SRTs were more similar across the ITFS conditions of the present experiment than those observed in Experiments 3 and 4 using unprocessed recordings. In the 2-male-talker masker, the average SRT was −35.4 dB (SD = 2.5) in the sex-matched condition and −33.7 (SD = 4.7) in the sex-mismatched condition. In the 2-female-talker masker, the average SRT was −34.1 dB (SD = 3.4) in the sex-matched condition and −36.8 dB (SD = 4.3) in the sex-mismatched condition. A repeated-measures ANOVA on SRT was performed, including the within-subjects factors of Target Sex (male, female) and Masker Sex (male, female). The results of this analysis indicated a significant effect of Target Sex on threshold [F(1,9) = 5.61; p = 0.04; n²_p = 0.56], indicating better performance with female than male target words. The main effect of Masker Sex [F(1,9) = 0.85; p = 0.38; n²_p = 0.13] and the interaction between Target Sex and Masker Sex [F(1,9) = 0.42; p = 0.53; n²_p = 0.09] were not significant.
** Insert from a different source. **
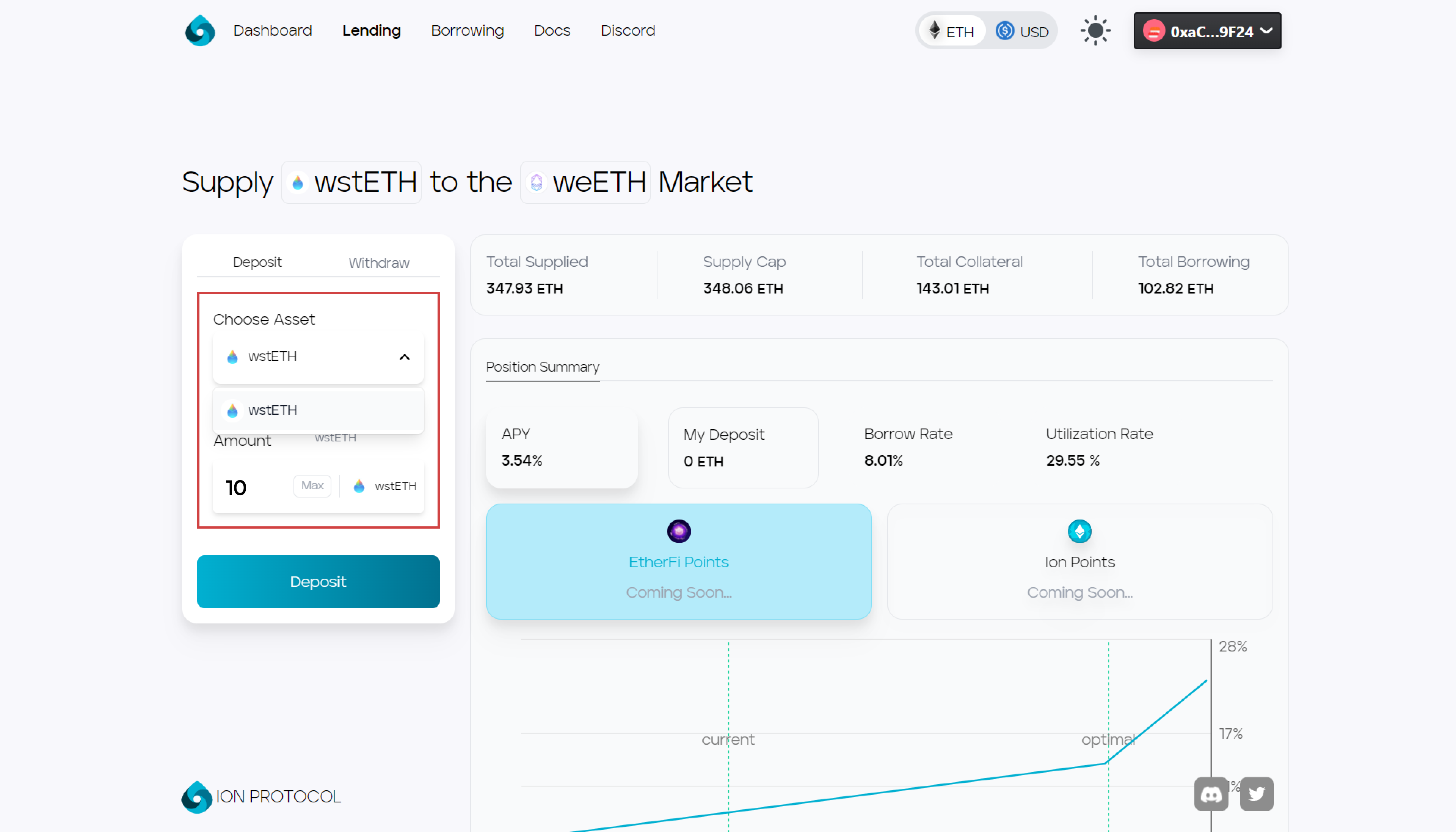 ### 4. Enter the amount to supply and press the deposit button

Comparing results of the present experiment with adult data from Experiments 3 and 4, SRTs were substantially lower for all conditions when ITFS processing was applied compared with the corresponding conditions in Experiments 3 and 4 using unprocessed stimuli (>10 dB). In combination with the lack of a significant masker effect when ITFS processing was applied, the results of Experiment 5 are consistent with the a priori hypothesis that that better performance for adults tested in the unprocessed 2-female-talker masker (Experiment 4) relative to adults tested in the unprocessed 2-male-talker masker (Experiment 3) reflects differences in informational masking, consistent with previous data reported in the literature (e.g., Freyman et al. 2007; Calandruccio et al. 2010).
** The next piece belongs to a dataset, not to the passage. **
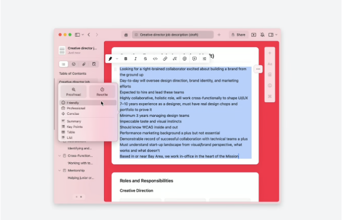 用户可以选择文本并让AI以“专业、简洁或友好”的语气进行改写。同时,AI还能在PPT中将一段文字总结成数条要点,并提供一键总结归纳、文本校对及用词和文本结构建议。

It is puzzling that school-age children did not likewise show better performance in the sex-matched 2-female-talker masker (Experiment 4) than in the sex-matched 2-male-talker masker (Experiment 3). Future studies are needed to determine the stimulus and listener factors responsible for school-age children’s increased susceptibility to speech-in-speech masking relative to adults. One speculative explanation for the present pattern of results is that, while school-age children benefit from the acoustic differences between male and female talkers (e.g., relatively large differences in voice F0 and/or vocal tract length), they may have more difficulty taking advantage of more subtle acoustic differences in speech produced by different talkers of the same sex that are beneficial to experienced adult listeners. These more subtle differences may include variations in prosodic cues such as F0 contours (e.g., Binns and Culling 2007) or linguistic factors such as semantic context (e.g., Brouwer et al. 2012). It is also interesting to note that, while the average F0 of the target speech produced by the male talker (144 Hz) was higher than the average F0s of both male talkers who produced the masker speech (102 and 109 Hz) in Experiment 3, the average F0 of the target speech produced by the female talker (231 Hz) fell between the average F0s of the female talkers who produced the masker speech (227 and 243 Hz) in Experiment 4. Mackersie et al. (2011) showed asymmetric effects of F0 separation for adult listeners. When the target F0 was uncertain from one trial to the next, benefit was derived only when the target F0 was higher than the masker F0. In the absence of uncertainty, benefit of F0 separation was observed whether the target F0 was above or below the masker F0. This result suggests that the more natural listening strategy may be to attend to the voice with the higher F0. If children are less adept than adults at diverging from that natural strategy, then children may be more likely to attend to the voice with the highest F0 in the absence of large F0 differences. If that is the case, their performance should be particularly poor in the matched condition of Experiment 4, where the mean target F0 was intermediate between the two masker talker’s F0s.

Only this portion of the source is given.